I got up and said that I was ready, and Amroth led the way like a boy out for a holiday. He was brimming over with talk, and told me some stories about my friends in the land of delight, interspersing them with imitation of their manner and gesture, which made me giggle—Amroth was an admirable mimic. "I had hopes of Charmides," he said; "your stay there aroused his curiosity. But he has gone back to his absurd tones and half-tones, and is nearly insupportable. Cynthia is much more sensible, but Lucius is a nuisance, and Charmides, by the way, has become absurdly jealous of him. They really are very silly; but I have a pleasant plot, which I will unfold to you."
As we went down the interminable stairs, I said to Amroth, "There is a question I want to ask you. Why do we have to go and come, up and down, backwards and forwards, in this absurd way, as if we were still in the body? Why not just slip off the leads, and fly down over the crags like a pair of pigeons? It all seems to me so terribly material."
Amroth looked at me with a smile. "I don't advise you to try," he said. "Why, little brother, of course we are just as limited here in these ways. The material laws of earth are only a type of the laws here. They all have a meaning which remains true."
"But," I said, "we can visit the earth with incredible rapidity?"
"How can I explain?" said Amroth. "Of course we can do that, because the material universe is so extremely small in comparison. All the stars in the world are here but as a heap of sand, like the motes which dance in a sunbeam. There is no question of size, of course! But there is such a thing as spiritual nearness and spiritual distance for all that. The souls who do not return to earth are very far off, as you will sometime see. But we messengers have our short cuts, and I shall take advantage of them to-day."
We went out of the great door of the fortress, and I felt a sense of relief. It was good to put it all behind one. For a long time I talked to Amroth about all my doings. "Come," he said at last, "this will never do! You are becoming something of a bore! Do you know that your talk is very provincial? You seem to have forgotten about every one and everything except your Philips and Annas—very worthy creatures, no doubt—and the Master, who is a very able man, but not the little demigod you believe. You are hypnotised! It is indeed time for you to have a holiday. Why, I believe you have half forgotten about me, and yet you made a great fuss when I quitted you."
I smiled, frowned, blushed. It was indeed true. Now that he was with me I loved him as well, indeed better than ever; but I had not been thinking very much about him.

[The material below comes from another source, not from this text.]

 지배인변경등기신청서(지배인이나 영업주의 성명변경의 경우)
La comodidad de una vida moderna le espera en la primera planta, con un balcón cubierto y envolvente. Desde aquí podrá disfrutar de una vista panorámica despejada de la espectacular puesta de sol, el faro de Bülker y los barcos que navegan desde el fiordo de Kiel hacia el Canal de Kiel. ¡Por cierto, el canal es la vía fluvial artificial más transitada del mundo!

We went over the moorlands in the keen air, Amroth striding cleanly and lightly over the heather. Then we began to descend into the valley, through a fine forest country, somewhat like the chestnut-woods of the Apennines. The view was of incomparable beauty and width. I could see a great city far out in the plain, with a river entering it and leaving it, like a ribbon of silver. There were rolling ridges beyond. On the left rose huge, shadowy, snow-clad hills, rising to one tremendous dome of snow.
"Where are you going to take me?" I said to Amroth.
"Never mind," said he; "it's my day and my plan for once. You shall see what you shall see, and it will amuse me to hear your ingenuous conjectures."